- Provided data
_ _ _

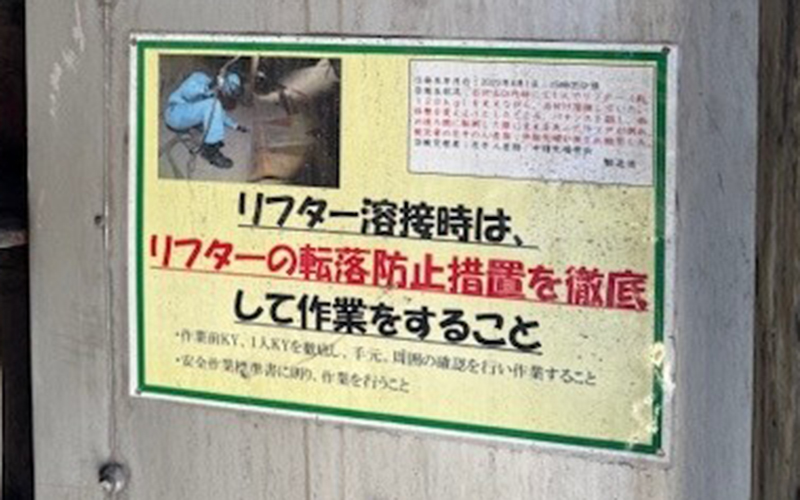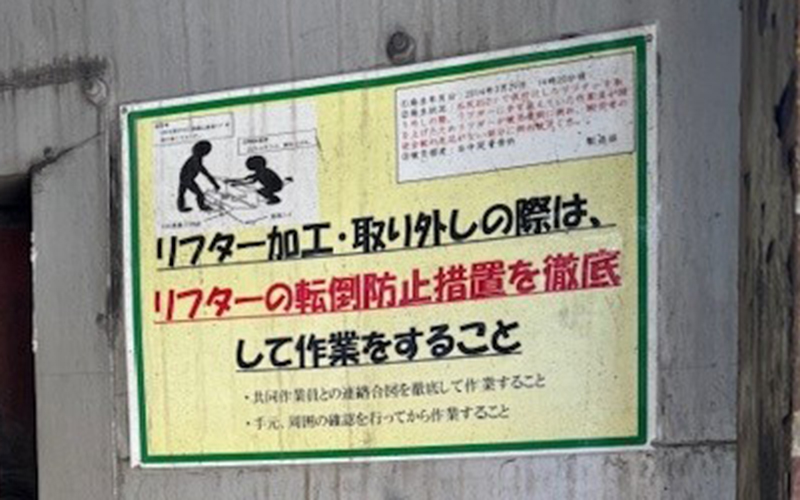 災害現場に災害情報を掲示することで、災害を風化させることなく教訓として伝承する活動を推進しています。「見える化」活動によりルール遵守の注意喚起と相互注意を促し、安全に対する意識向上につながっています。
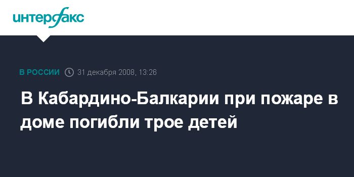Москва. 31 декабря. INTERFAX.RU - Трое малолетних детей погибли на пожаре в поселке Советский (Кабардино-Балкария) в последний день уходящего года.
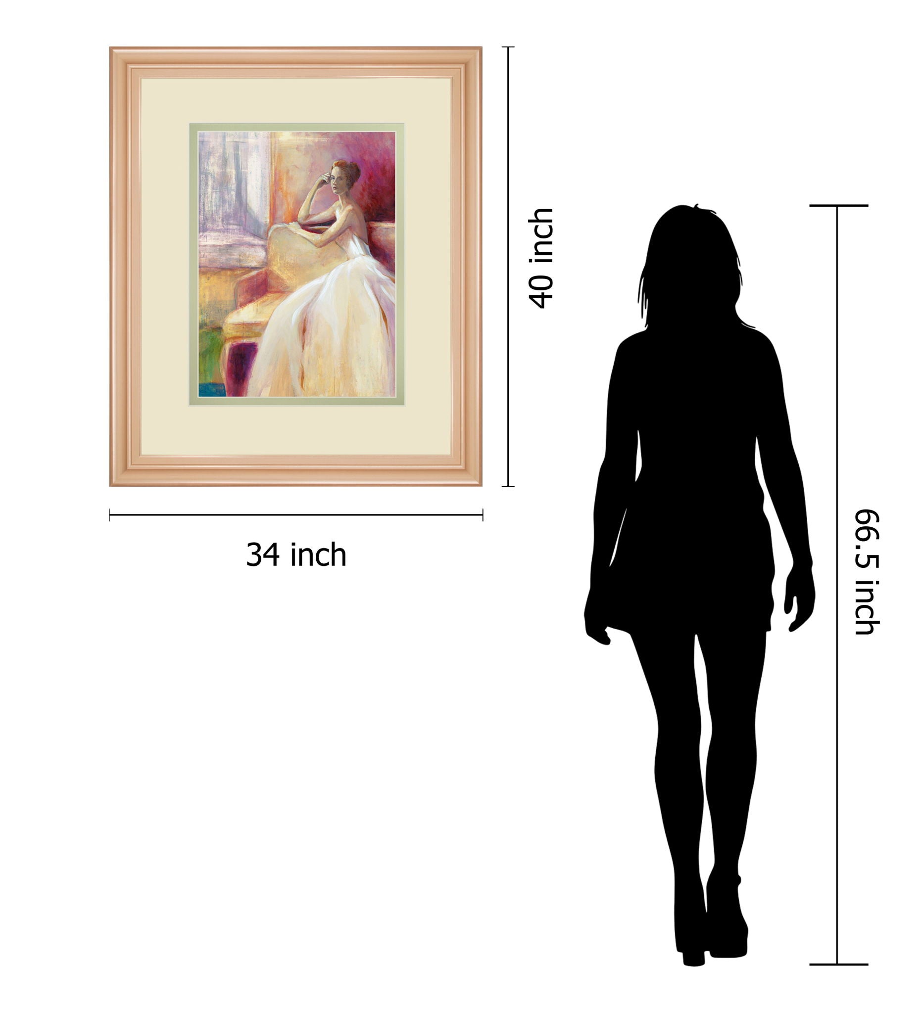 Step into a moment of serene contemplation with this captivating artwork featuring a graceful figure poised in quiet reflection. The soft, warm palette of cream, rose gold, and subtle purples blends seamlessly with delicate brushstrokes, evoking a sense of calm and timeless elegance. Framed in a wide rose gold romance frame with double matting, this piece offers a polished gallery-style finish that enhances its depth and beauty. Crafted with premium real glass to preserve vibrant colors and fine details, it is ready to hang and perfect for adding a sophisticated, tranquil ambiance to living rooms or bedrooms.

_ _ _

- Problem description
Set the whole listing down again unchanged, apart from the pictures, which are omitted.

- Result
 災害現場に災害情報を掲示することで、災害を風化させることなく教訓として伝承する活動を推進しています。「見える化」活動によりルール遵守の注意喚起と相互注意を促し、安全に対する意識向上につながっています。
Москва. 31 декабря. INTERFAX.RU - Трое малолетних детей погибли на пожаре в поселке Советский (Кабардино-Балкария) в последний день уходящего года.
 Step into a moment of serene contemplation with this captivating artwork featuring a graceful figure poised in quiet reflection. The soft, warm palette of cream, rose gold, and subtle purples blends seamlessly with delicate brushstrokes, evoking a sense of calm and timeless elegance. Framed in a wide rose gold romance frame with double matting, this piece offers a polished gallery-style finish that enhances its depth and beauty. Crafted with premium real glass to preserve vibrant colors and fine details, it is ready to hang and perfect for adding a sophisticated, tranquil ambiance to living rooms or bedrooms.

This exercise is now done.